Other work in the early years of the new company included in 1924 a 36-seat petrol-fuelled rail vehicle for the Derwent Valley Light Railway. It was based on two Ford Model T chassis fitted with flanged steel tyres and coupled back-to-back, this rail minibus or petrol multiple unit seated 18 in each carriage and was driven from one end only, the rearward-facing car running in neutral gear with the engine switched off. When worked coupled fuel consumption was stated to be 14.33 mpg and if one unit was run the even more efficient figure of 17.55 mpg was obtained. It was not enough to maintain passenger operations on the line however, and the units were exported in 1926 to the County Donegal Railways Joint Committee (CDR) in northwestern Ireland who converted them to 3 ft gauge, lowering the bodies in the process. The CDR thus became the first railway in Ireland to use internal combustion engines and by the time of closure ran all passenger services and a number of freights using Gardner-powered diesel units.

By 1925 Roe were receiving orders directly from municipal bus companies, many of them previous customers for sub-contracted bodies, Mr Roe's approachability during body construction may have played a part in this, letters from general managers of the time thank C.H. Roe for his enabling inspection of bodies in-build. Among municipals taking Roe bodies by this time were Ramsbottom, Rotherham, Northampton, Doncaster, Leeds, Oldham, Bradford and the Teesside Railless Board, most of whom would continue to be Roe customers for a long time; chassis included Bristol, Guy, Thornycroft and AEC. The first double-deck motorbuses were for Doncaster in 1925 on AEC, a year later Roe were building 30 ft-long six wheeled double-decks for Oldham on Guy chassis. Unlike Londonat the time all of Roe's double-deck customers specified closed-tops on the upper deck. In 1926 Straker-Squire finally folded and Roe stored uncompleted vehicles for Clough, Smith prior to a new arrangement which saw their electrical equipment fitted to Karrier chassis. Also at this time Roe started building enclosed, or saloon, coaches which were often fitted to chassis which had previously carried charabanc bodies, Roe having a surplus of second-hand charabanc bodies by 1925. Two further debentures were called for, but this time it wasn't to keep the business going, but to fund the expansion of the premises.

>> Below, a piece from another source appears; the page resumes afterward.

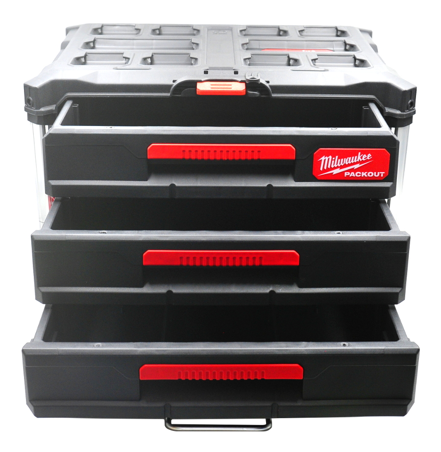 Milwaukee Packout 4932472130 z 3 szufladami jest częścią stale popularnego systemu skrzynek, które można układać w stosy i łączyć ze sobą. Skrzynka narzędziowa z 3 szufladami umożliwia łatwy dostęp do narzędzi i idealnie nadaje się do personalizacji. Każda szuflada udźwignie do 11 kg i porusza się na prowadnicach z łożyskami kulkowymi. Duży drążek blokujący zapobiega przypadkowemu i niechcianemu otwarciu szuflad podczas transportu. Każda szuflada jest wyposażona w zestaw przegródek, które umożliwiają personalizację w zależności od potrzeb i zadania. Skrzynka narzędziowa wykonana jest z odpornych na uderzenia polimerów i narożników wzmocnionych metalem, aby wytrzymać trudne warunki w miejscu pracy.》》》 SKRZYNIA NARZĘDZIOWA MODUŁOWY ORGANIZER SKRZYNKA PACKOUT 3 SZUFLADY 4932472130 《《《

====Independent prosperity====
One of the more significant patents to emerge from Cross Gates was number 313720 registered in 1928 the name of the company, Mr C.H Roe and Mr William Bramham, the works manager who was later to be general manager at Eastern Coach Works at Lowestoft, Northern Coachbuilders of Newcastle upon Tyne and Saunders-Roe of Beaumaris. This concerned a continuous machined teak waist rail designed to double-interlock with the vertical teak pillars and the steel reinforcing strips, once assembled also binding those to the outer panels; it could be accurately described as an early example of system-built coachwork. New chassis makes bodied in the late 1920s included Albion and Crossley, both of whom chose Roe bodies for demonstrators, in Crossley's case for its first double-decker. Trolleybuses continued to figure, makes including Karrier-Clough and Guy, the three-axled double deck now being the common form for these, customers including Bloemfontein, South Lancashire Transport and corporation fleets including some detailed above, Doncaster for example taking one of the only two Bristol trolleybuses with a Roe body in 1928.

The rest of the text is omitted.